Od ponad 60 lat nikt nie obronił tytułu mistrza olimpijskiego w rywalizacji solistów. Jako ostatni dokonał tego Dick Button (1948, 1952). Hanyu podąża jego śladem. Pomimo poważnej kontuzji stawu skokowego, zdołał przygotować olimpijską formę. Nikt nie wiedział, na co go stać, bo w tym sezonie nie pojawił się jeszcze na lodzie. Japończyk wykonał jednak świetny program i ma ponad cztery punkty przewagi nad drugim, Javierem Fernandezem. To duży zapas przed drugą częścią rywalizacji.

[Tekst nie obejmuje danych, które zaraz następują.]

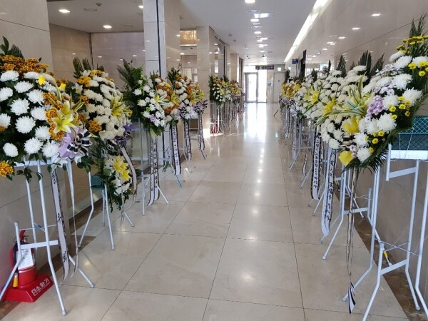 연화장 장례식장에서는 매년 1만 8000여 개의 3단 근조화환이 폐기되고 있다.
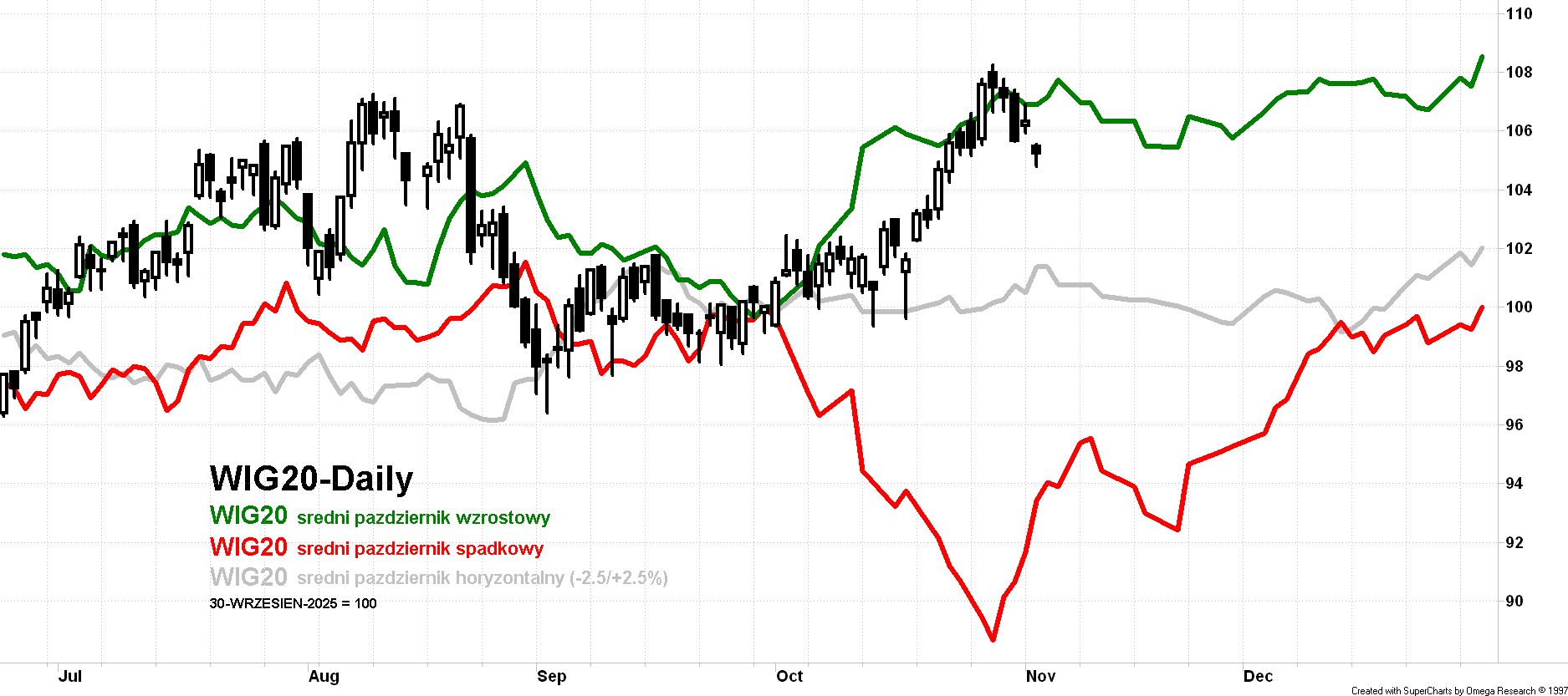 Z punktu widzenia zachowania WIG20 w poszczególnych miesiącach roku wyrazistą cechą niedawno zakończonego października jest największa na tle pozostałych miesięcy liczba stóp zwrotu wykraczająca poza przedział zmian, które można określić mianem niewielkich (umownie od -2.5% do +2.5%). Październikowe przejście na byczą, bądź niedźwiedzią stronę odbywa się więc zazwyczaj bardzo zdecydowanie, a to z kolei powoduje, iż często pojawiające się na progu każdego miesiąca szacunki dotyczące kierunku dominującej w nim koniunktury stają się w tym przypadku szczególnie warte wysiłku. Próbując wykorzystać do tego celu podobieństwo do wykresów sezonowych pogrupowanych wg kryterium wzrostowego, spadkowego, bądź horyzontalnego października (odpowiednio linie zielona, czerwona i szara), o ile obecnie zdecydowanie można było odrzucić wariant ‘spadkowy’, to pierwsza połowa miesiąca zapowiadała wynik raczej gorszy od wzrostowej przeciętnej. Okazało się jednak, iż końcowy kształt notowań nie odstawał już znacząco od typowego wariantu wzrostowego.

Drugi na półmetku Hiszpan może zdobyć czwarty medal w historii swojego kraju, a drugi w Pjongczangu. Fernandez od lat utrzymuje się w czołówce, dwukrotnie zdobywał mistrzostwo świata, był mistrzem na sześciu (!) mistrzostwach kontynentu z rzędu. Na poprzednich igrzyskach skończył jako czwarty i nie wyobraża sobie innego scenariusza, niż podium w Korei.
Walka o brąz rozstrzygnie się między srebrnym medalistą MŚ 2017, Japończykiem Shomą Uno a trzecim wówczas Chińczykiem Jin Boyangiem. Zaskoczeniem dopiero szósta lokata i spora strata Patricka Chana, przed igrzyskami typowanego do medalu.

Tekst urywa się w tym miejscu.